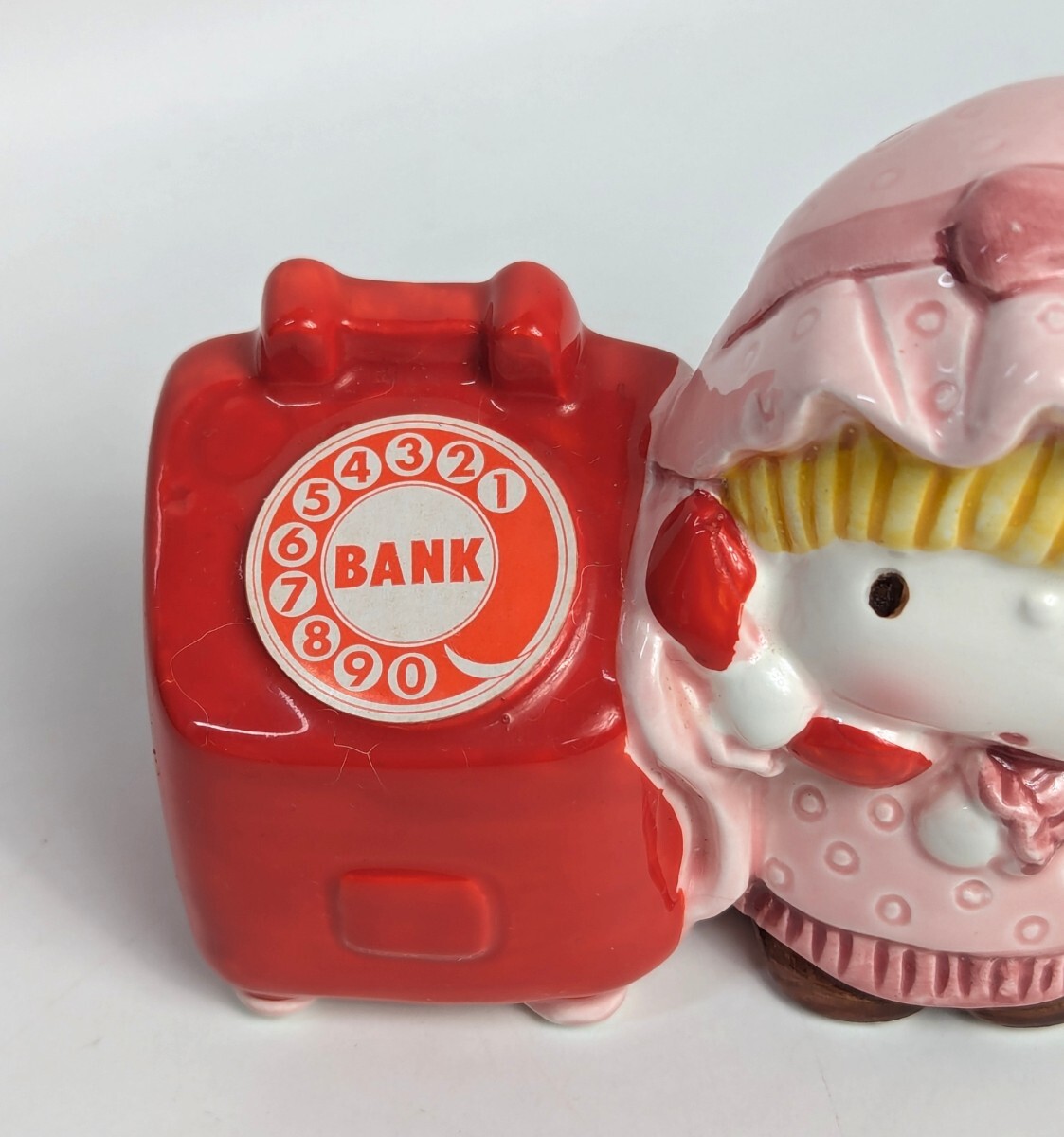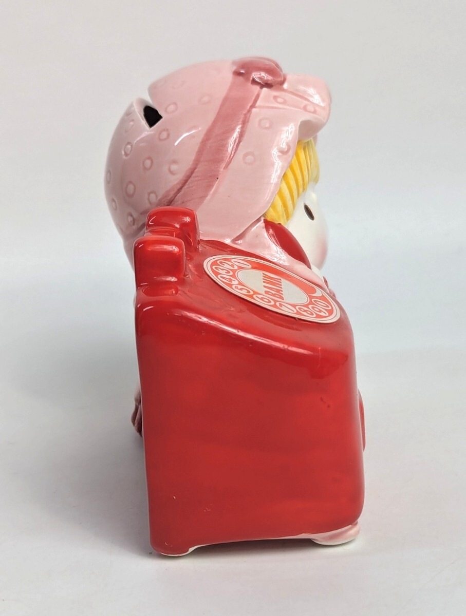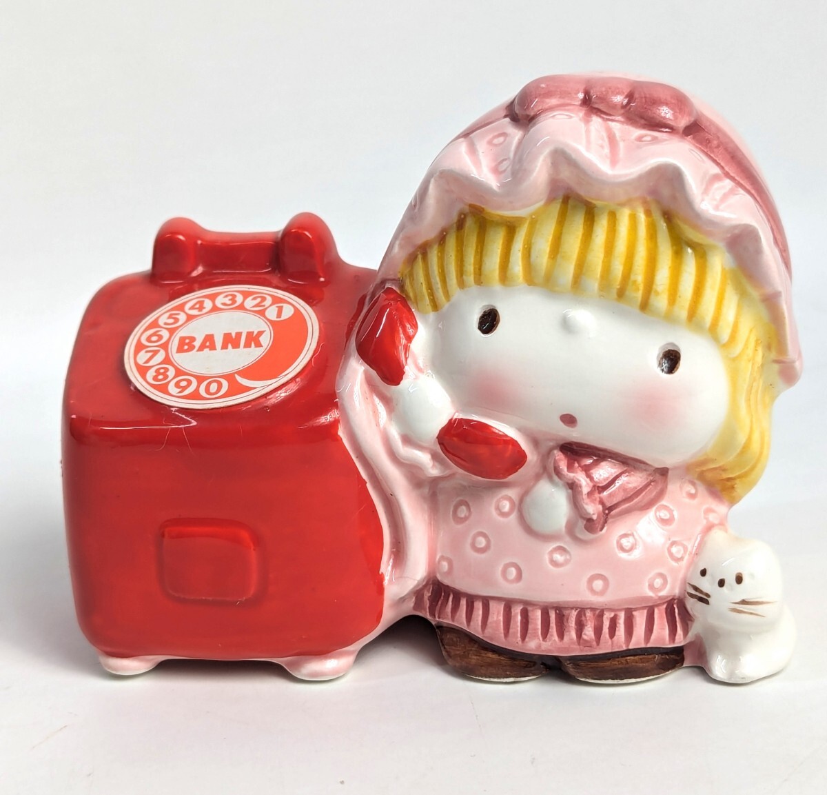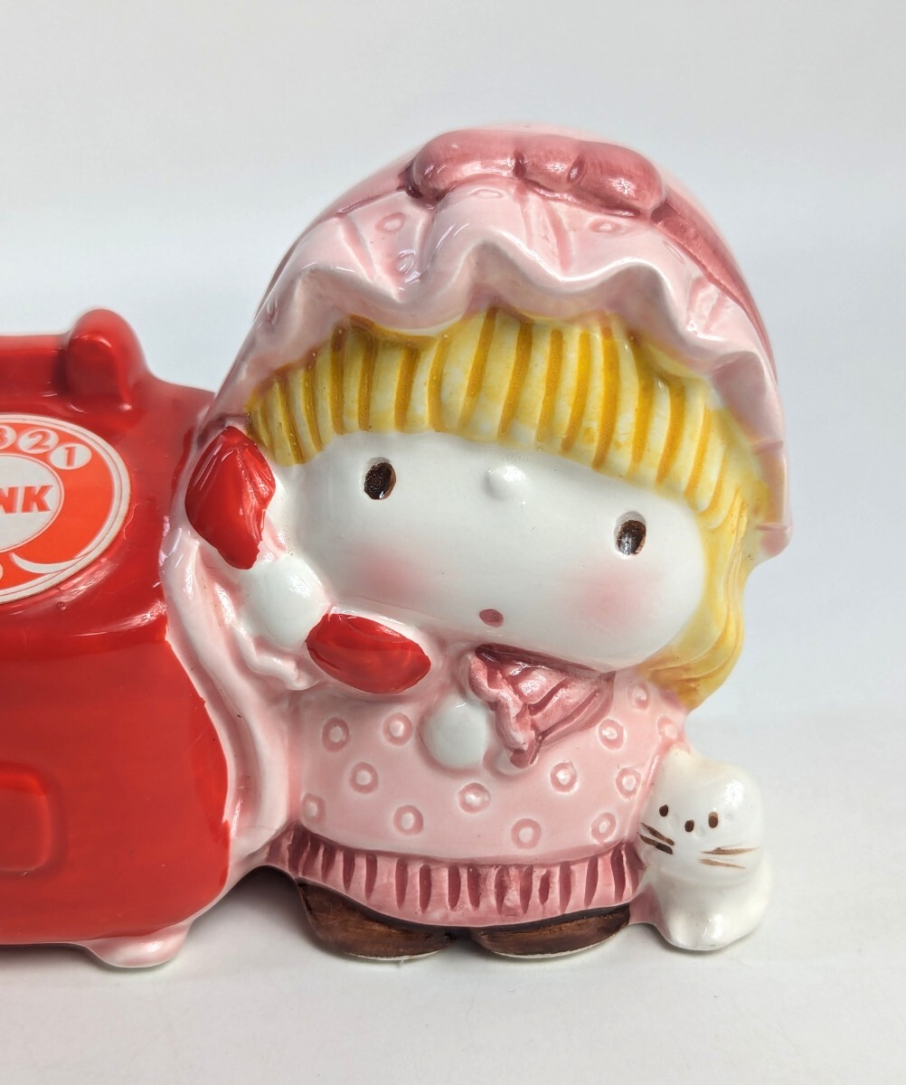 当時物 電話をかける女の子 貯金箱 高さ8.5cm幅10.5cmぐらいです 陶器製 TOKAI 当時物 ガラスケースに飾ってました
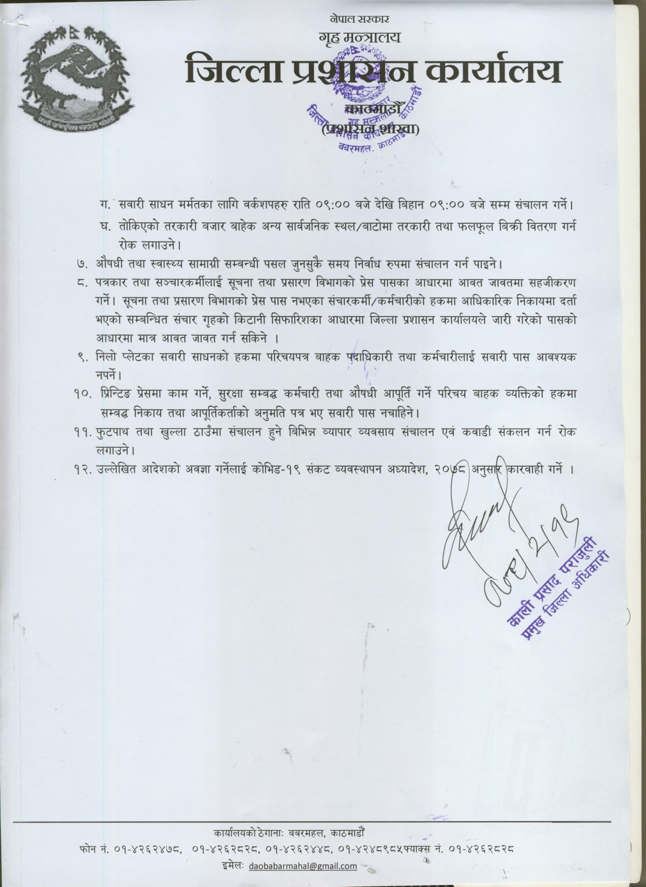 अब किराना र डिपार्टमेन्ट स्टोर बिहान ९ बजेसम्म खोल्न पाइने भएको छ । साथै काठमाण्डु उपत्यका प्रवेशमा भने कडाई गरिएको छ ।
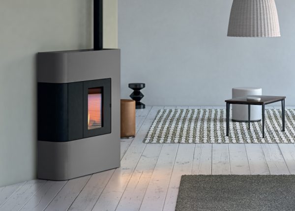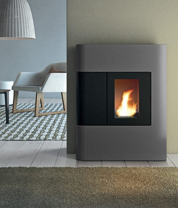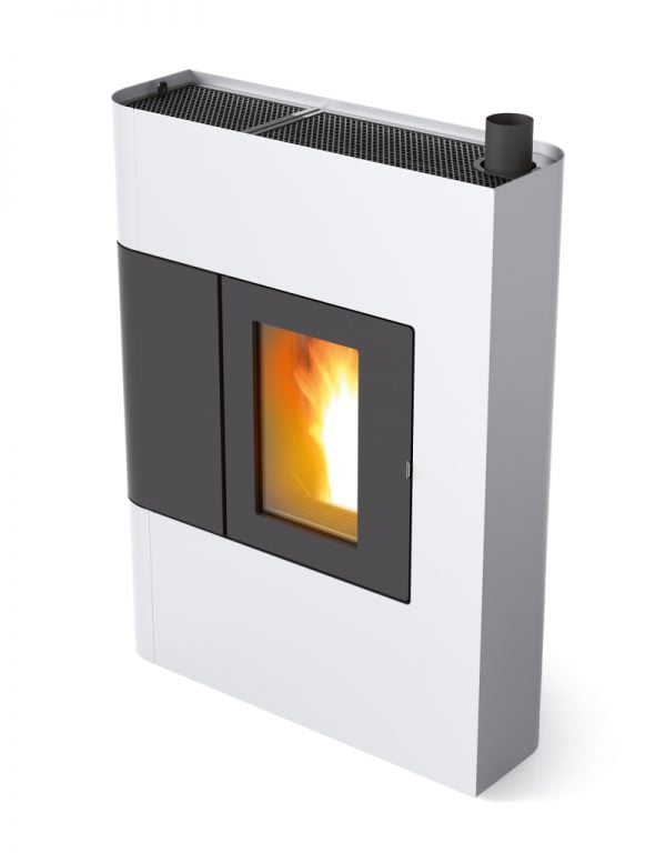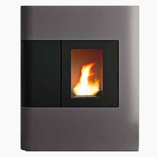 De Althea is een extreem compacte pelletkachel (slechts 28cm diep!) met een stalen bekleding in zilver of zwart.

## Problem statement
Leaving out the pictures, transcribe the material above exactly.

## Answer section
 当時物 電話をかける女の子 貯金箱 高さ8.5cm幅10.5cmぐらいです 陶器製 TOKAI 当時物 ガラスケースに飾ってました
 अब किराना र डिपार्टमेन्ट स्टोर बिहान ९ बजेसम्म खोल्न पाइने भएको छ । साथै काठमाण्डु उपत्यका प्रवेशमा भने कडाई गरिएको छ ।
 De Althea is een extreem compacte pelletkachel (slechts 28cm diep!) met een stalen bekleding in zilver of zwart.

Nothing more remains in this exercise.